Sobani ite means to walk on. And to walk on means to oh well, go forward. Any song that uses that phrase always tugs at my heartstrings because it is something I know I cannot do, and need to learn how to. It doesn't sound all that difficult to move forward, but somehow I think the burden's too heavy. Yes I do need to learn how to let go of stuff.
Over the past week I've been thinking a lot about stuff. By rights this blog should have been updated many many times but I have decided to consolidate all those random thoughts in just one entry. *Joy joy* What delight to find that I am applying comprehension skills in daily life.
I should stop treating my friends like punching bags. Whenever I'm feeling down in school it seems like I get so self-absorbed that I start to treat the people around me like they're non-existent or something. I get all attitudal and I don't think I wanna be around me when I'm having a rough patch. All my friends are super nice people and I don't think they deserve to be treated the way they are just because I'm having a bad time.
I need anger management classes.
If life was a taste my tastebuds wouldn't be able to detect it. How many of you have lost the taste for life? I'm not sure about you, but I think nowadays life for me has been very purpose driven-- I'm trying to find a purpose in life. What an irony.

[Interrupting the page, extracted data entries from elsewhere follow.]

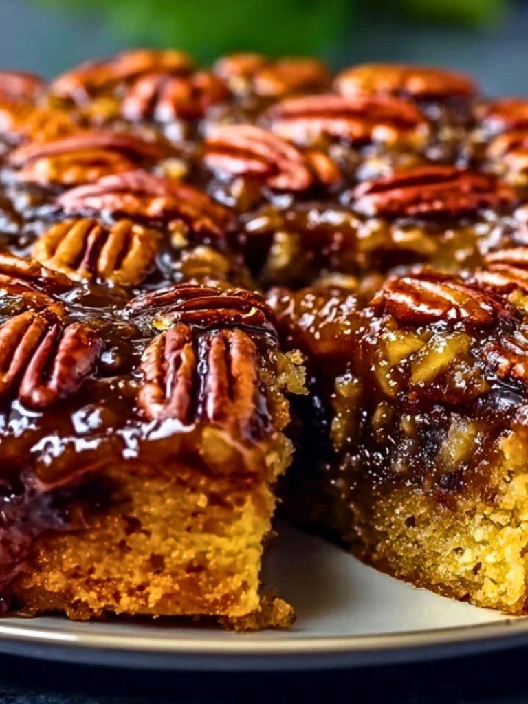 Let the cake rest for 5 minutes. Run a knife around the edge, place a serving plate over the pan, and quickly invert. Carefully lift the pan to reveal the glossy pecan top.
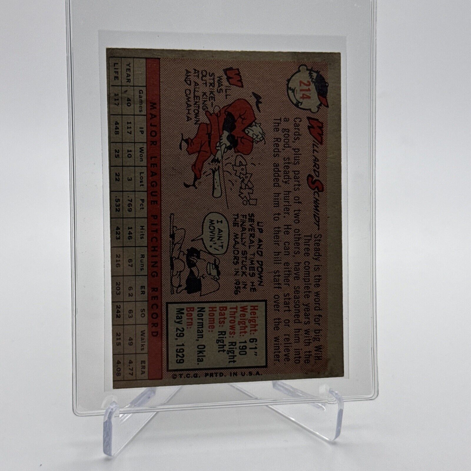1958 Topps Willard Schmidt Baseball Card #214 EX Quality #2 FREE SHIPPING
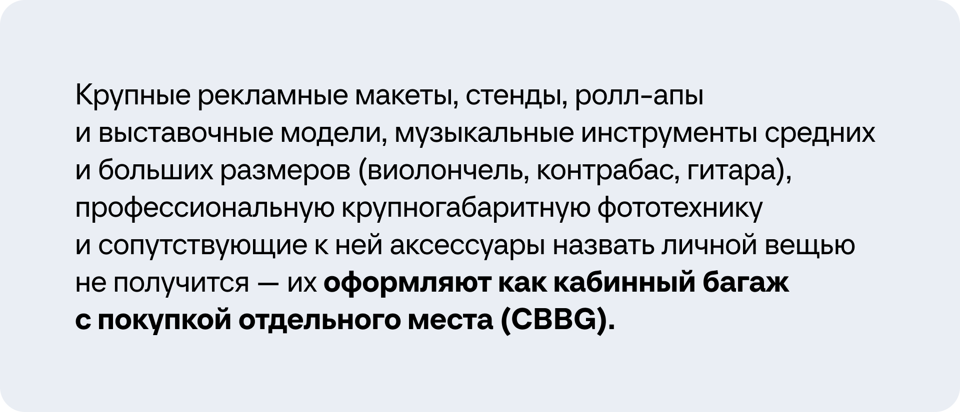 Обязательно учитывайте габариты предмета: он должен помещаться в кресло самолета, не перекрывать табло «Пристегнуть ремни/Выход» и надежно крепиться ремнями.

My life currently is akin to my Friendster account; pointless. Why live life when there's no point in it? I have taken to reading multiple books at once. Maybe it's the stigma of the block tests, having not read excessively and sufficiently in preparation, my mind sees the need to make up for the lack of mental exercise that usually comes before the body sits for an examination. Like I said, I have taken to reading multiple books and although it seems highly likely that the plots get all mixed up, they don't.

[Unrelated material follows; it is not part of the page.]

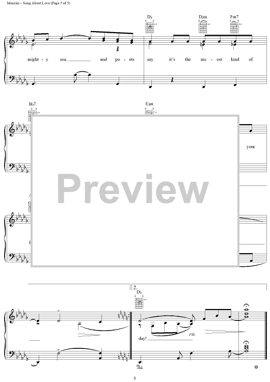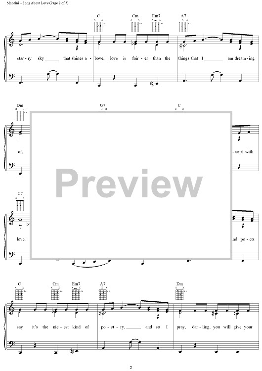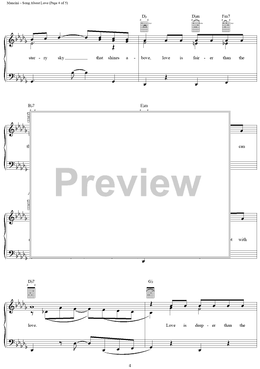 Digital Sheet Music for Song About Love by Henry Mancini, Al Stillman scored for Piano/Vocal/Chords; id:251450

And it's a good feeling to read.
And on to the one that perpetually plagues me. Close friends of Vanessa will know who she's talking about. Let's just call him R. Now I believe there isn't a need for any introduction to this mystery person who has been dominating my thoughts for the past nine days (or the past month, to be specific). I hate to admit this but I have been thinking excessively about him. R is important to me, but not to the extent that other friends get slighted. It's just that we haven't been talking much of late and I just wonder if it was something I did wrong. Or maybe he's just too tired out from work. But anyway it doesn't really matter that much now because it took a very much shorter time to get over him this time compared to the last. I take it that it's a good sign. Heck, it sure is tiring being his friend. Our shared friendship tells me that he's a dynamic individual. And maybe the relationship has stagnated. Just the other day dongua was telling me that it was nice that R had started out as a total stranger and now become a friend who shares stuff. Or in her words, "... and he was the boy at the RJ campfire who was standing at the balcony staring up at the sky and you were the girl who was standing below staring at him." Well, correction here, I wasn't standing below the balcony, it was datou who saw him and called me dear dongua. Dang, I'd missed seeing him in his possibly most suave moment. Ah well. I guess what's behind must be left behind.
And maybe I've had enough.
God's Debris by Scott Adams proposed that hypothetically, the past isn't real because it does not have a physical form and it isn't something that can be considered to be physical reality. "Like the Easter Bunny, the past only exists in your mind, likewise, the future exists only in your mind because it has not happened." I think we all need to empty our minds periodically. But how is it possible to get rid of something that is unreal. Just like how time isn't real because there isn't a way to prove that time exists. We all think that time has passed because there are changes and if time is defined as essentially being the changes that has happened universally then I'd say that time is generally a very relative concept isn't it. What is time really? Why are there dog-years and human-years? Is time a totally different concept for dogs? Oh well. Burning questions that sear my curiosity and possibly impend my learning in school because they make the school syllabus look all the more duller now. Shit to education I say.
So you say the past isn't real.
Today I had pasta for dinner and it had a piece of round piece egg white on top that I thought was cheese. I guess this teaches us that you never know what is in store until you take a closer look and chew on it that you get the clearest picture. Okay this is so pointless, like my life.
I finally own a guitar. It's red and it's pretty. I shall call it cherrystone or something.
I feel so liberated. Hear me whoop for joy.